Exercise objective: Would you repeat the whole listing exactly, pictures excluded?

Data:
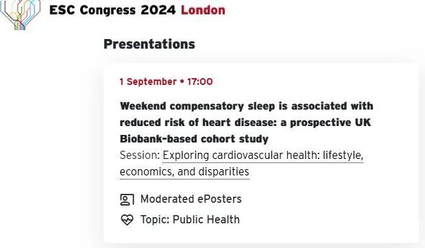 经过近14年的中位随访,补偿性睡眠最多一组的参与者患心脏病的可能性比补偿性睡眠最少一组的参与者低19%。在每日睡眠不足的亚组中,补偿性睡眠最多的参与者患心脏病的风险比补偿性睡眠最少的患者低20%。研究人员指出,“我们的研究结果表明,对于现代社会中很大一部分遭受睡眠剥夺的人群来说,在周末补觉最多的人患心脏病的几率明显低于补觉最少的人。”
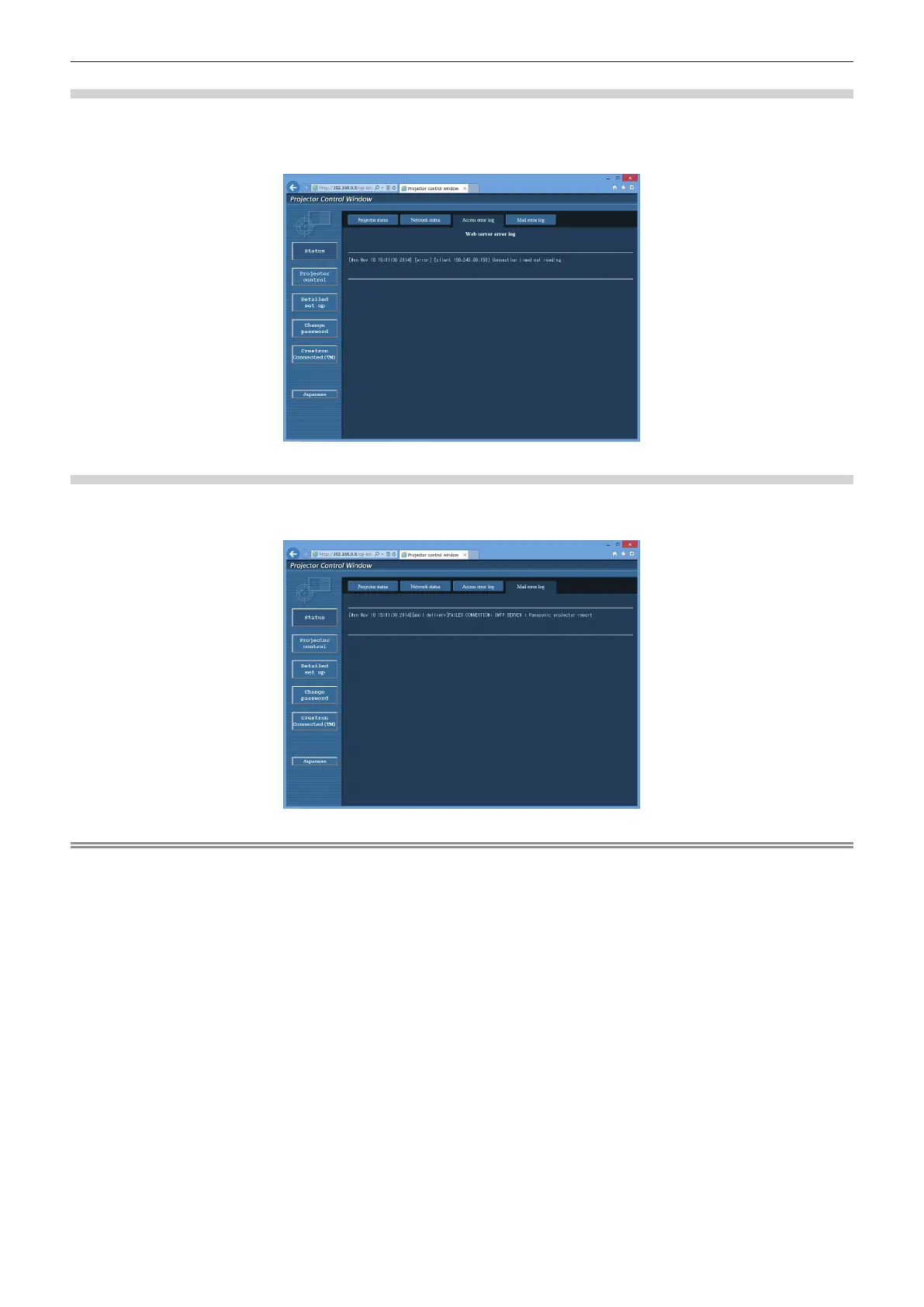 f [Access error log] and [Mail error log] display the recent few thousand accesses/requests. All information may not be displayed when many
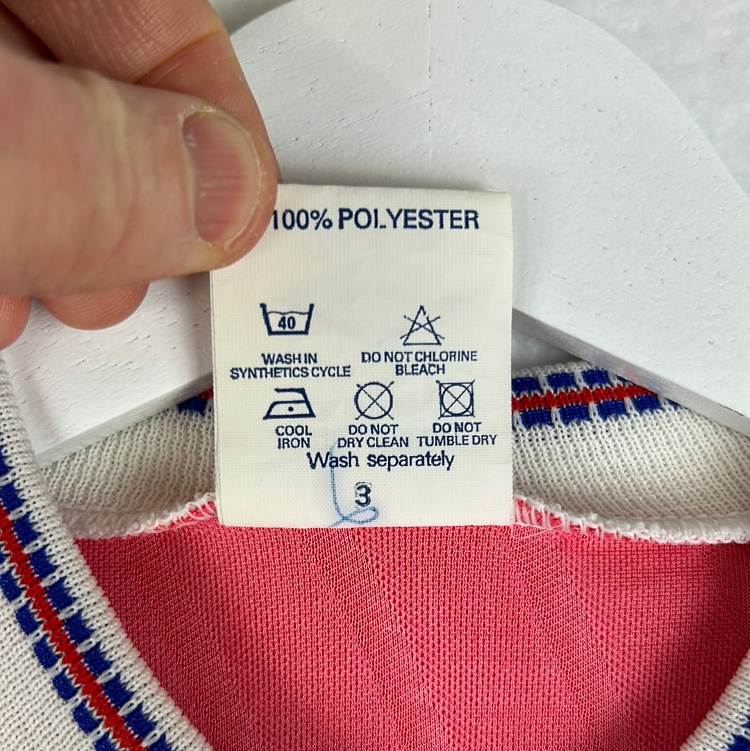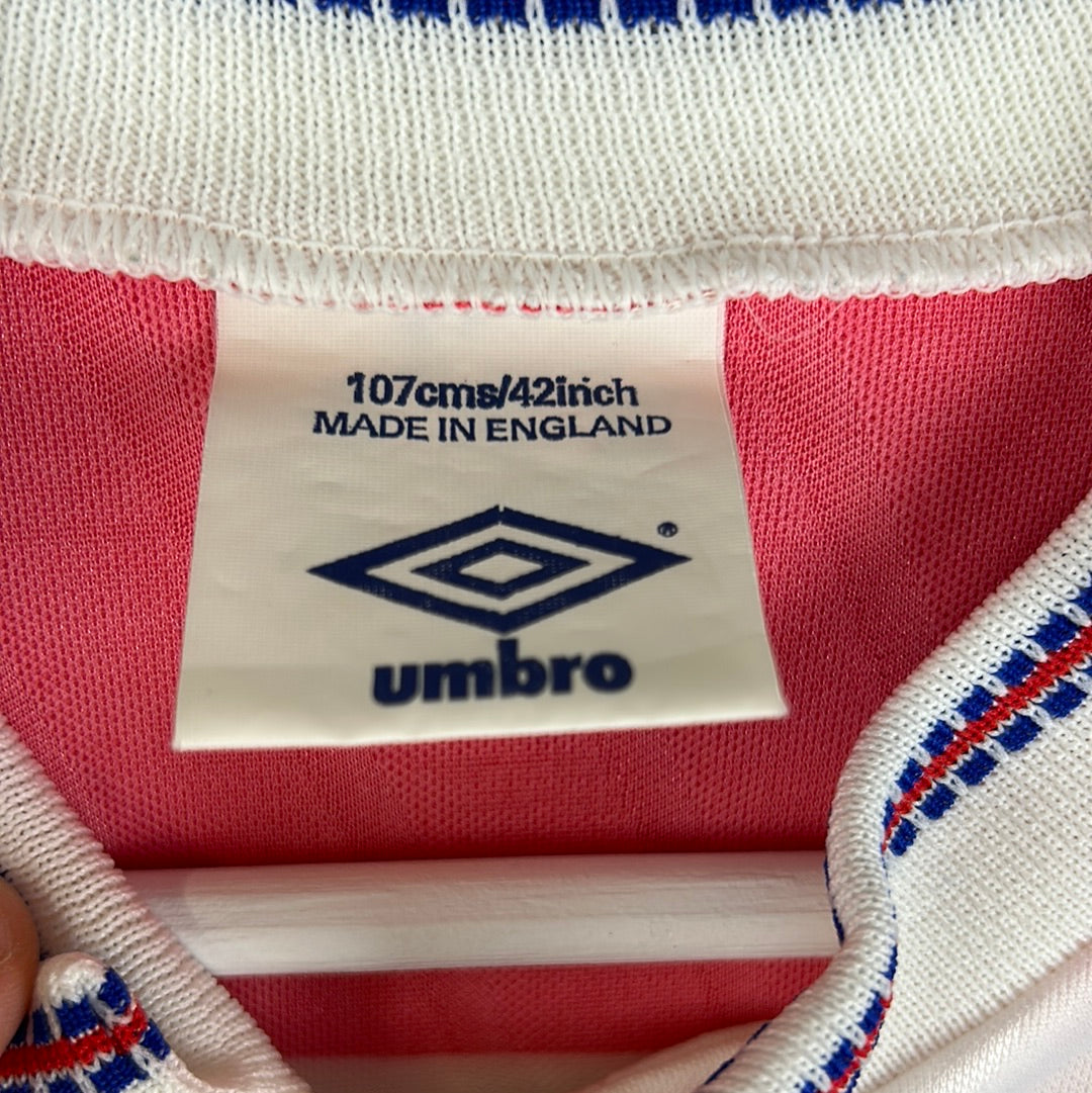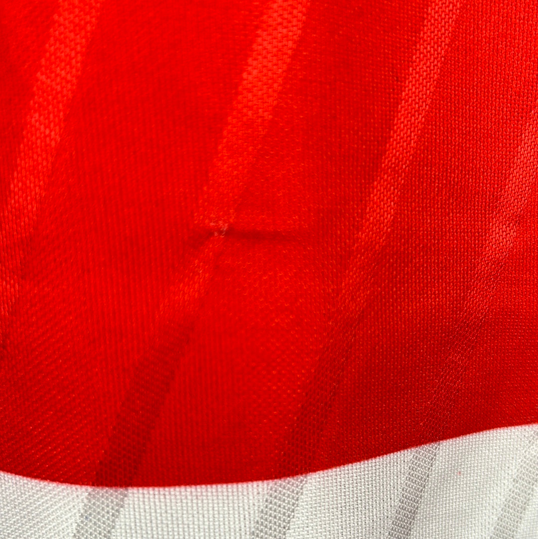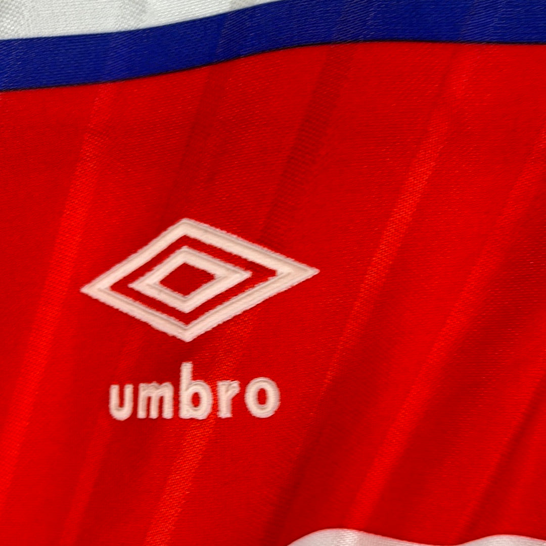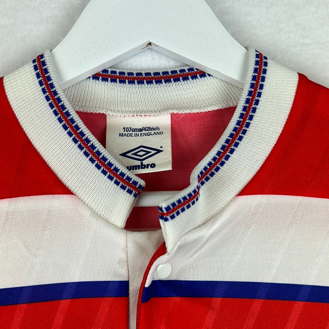 Info: The Chelsea third shirt in the 1998/1989 season and the away shirt in the 1989/1990 season. It is not common for a shirt to go from being a third season to an away the season after. This red and white striped Chelsea shirt has the Umbro logo and Chelsea badge embossed. This is a sponsorless shirt.

Output of the task:
 经过近14年的中位随访,补偿性睡眠最多一组的参与者患心脏病的可能性比补偿性睡眠最少一组的参与者低19%。在每日睡眠不足的亚组中,补偿性睡眠最多的参与者患心脏病的风险比补偿性睡眠最少的患者低20%。研究人员指出,“我们的研究结果表明,对于现代社会中很大一部分遭受睡眠剥夺的人群来说,在周末补觉最多的人患心脏病的几率明显低于补觉最少的人。”
 f [Access error log] and [Mail error log] display the recent few thousand accesses/requests. All information may not be displayed when many
 Info: The Chelsea third shirt in the 1998/1989 season and the away shirt in the 1989/1990 season. It is not common for a shirt to go from being a third season to an away the season after. This red and white striped Chelsea shirt has the Umbro logo and Chelsea badge embossed. This is a sponsorless shirt.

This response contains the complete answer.